# Ex.7.1 Q3 Cubes and Cube Roots - NCERT Maths Class 8

## Question

Find the smallest number by which each of the following numbers must be divided to obtain a perfect cube.

(i) \(81\)

(ii) \(128\)

(iii) \(135\)

(iv) \(192\)

(v) \(704\)

## Text Solution

**What is unknown?**

To find the smallest number by which a given number must be divided to obtain a perfect cube.

**Reasoning:**

A number is a perfect cube only when each factor in the prime factorization is grouped in triples. Using this concept smallest number to be multiplied can be obtained.

(i)

\[\begin{align}81 &= \underline {3 \times 3 \times 3} \times 3\\81 &= {3^3} \times 3\end{align}\]
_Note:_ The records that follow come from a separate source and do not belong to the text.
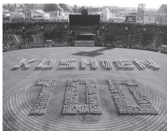
美しい芝と土の上に「100」の人文字が浮かびました

昨年11月8日、阪神甲子園球場で、第68回西宮市中学校連合体育大会が開催されました。甲子園球場100周年を記念して人文字が披露され、場内を沸かせました。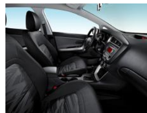
BRONZE és SILVER alapfelszereltség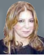
Budoor al malki @albiladpress.com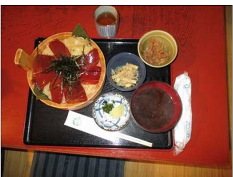
4131 「すし久」の「てこね寿司」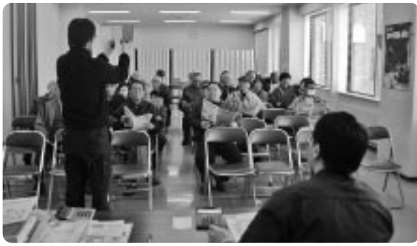
後期高齢者医療制度の説明会(会場:役場)

北海道では、平成十九年三月一日に道内全百八十市町村が加入する特別地方公共団体として「北海道後期高齢者医療広域連合」が設立されている。 各市町村が保険料の徴収や届出の受付、被保険者証の引渡など一番身近な窓口業務を行うことになる。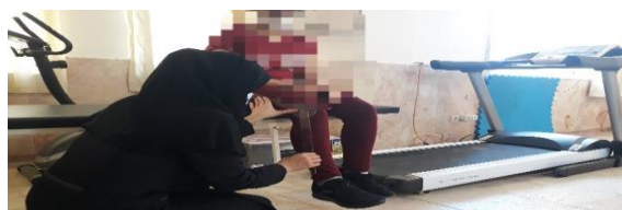
شکل ۲. اندازه‌گیری حس عمقی با استفاده از گونیا متر

به منظور ارزیابی حس عمقی از گونیا متر یونیورسال مدل پترسون برای استفاده شد. از آزمودنی خواسته شد که بر روی تخت بنشیند، پاها از تخت اویزان باشد، به طوری که مرکز گونیا متر بر روی خط مفصلی خارج زانو قرار گیرد. بازوی ثابت گونیا متر در راستای استخوان ران و بازوی متحرک در راستای

Here, the prime factor \(3\) is not present as triples.

Hence, we divide by \(81\) by \(3,\) so that the obtained number becomes a perfect cube.

Thus,

\(\begin{align}81 \div 3 = 27 = {3^3}\end{align}\) is a perfect cube.
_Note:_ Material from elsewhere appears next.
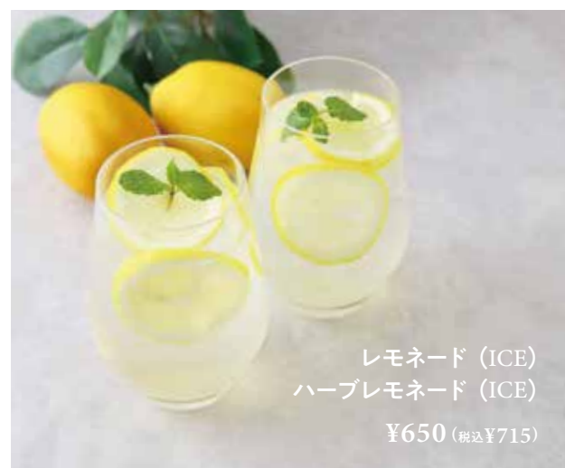
レモネード (ICE) ハーブレモネード (ICE) ¥650 (税込¥715)

Hence the smallest number by which \(81\) should be divided to make a perfect cube is \(3\).

(ii)

\[\begin{align}128& = \underline {2 \times 2 \times 2} \times \underline {2 \times 2 \times 2} \times 2\\128 &= {2^3} \times {2^3} \times 2\end{align}\]
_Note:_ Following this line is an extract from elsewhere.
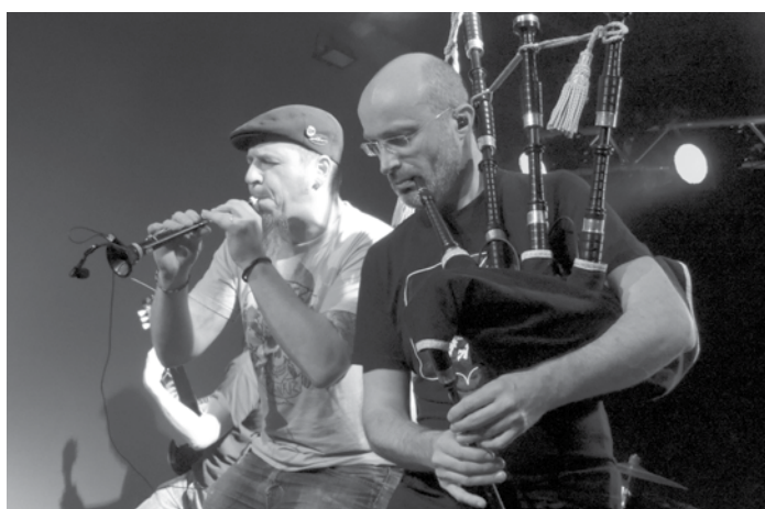
14 janv. Coup d'envoi de la Saison de Janv'ril : soirée fest noz organisée par Le Bon Scén'art.

Here,the prime factors \(2\) is not present as triples.

Hence, we divide \( 128\) by \(2,\) so that the obtained number becomes a perfect cube.

\(\begin{align}128 \div 2 = 64 = {2^3} \times {2^3} = {4^3}\end{align}\) is a perfect cube.

Hence the smallest number by which \(128\) should be divided to make a perfect cube is \(2\).

(iii)

\[\begin{align}135 &= 5 \times \underline {3 \times 3 \times 3} \\135 &= {5^1} \times {3^3}\end{align}\]

Here, the prime factors \(5\) is not present as triples.

Hence, we divide \(135\) by \(5,\) so that the obtained number becomes a perfect cube.

\(\begin{align}135 \div 5 = 27 = {3^3}\end{align}\) is a perfect cube.

Hence the smallest number by which \(135\) should be divided to make a perfect cube is \(5\).

(iv)

\[\begin{align}192 &= \underline {2 \times 2 \times 2} \times \underline {2 \times 2 \times 2} \times 3\\192 &= {2^3} \times {2^3} \times 3\end{align}\]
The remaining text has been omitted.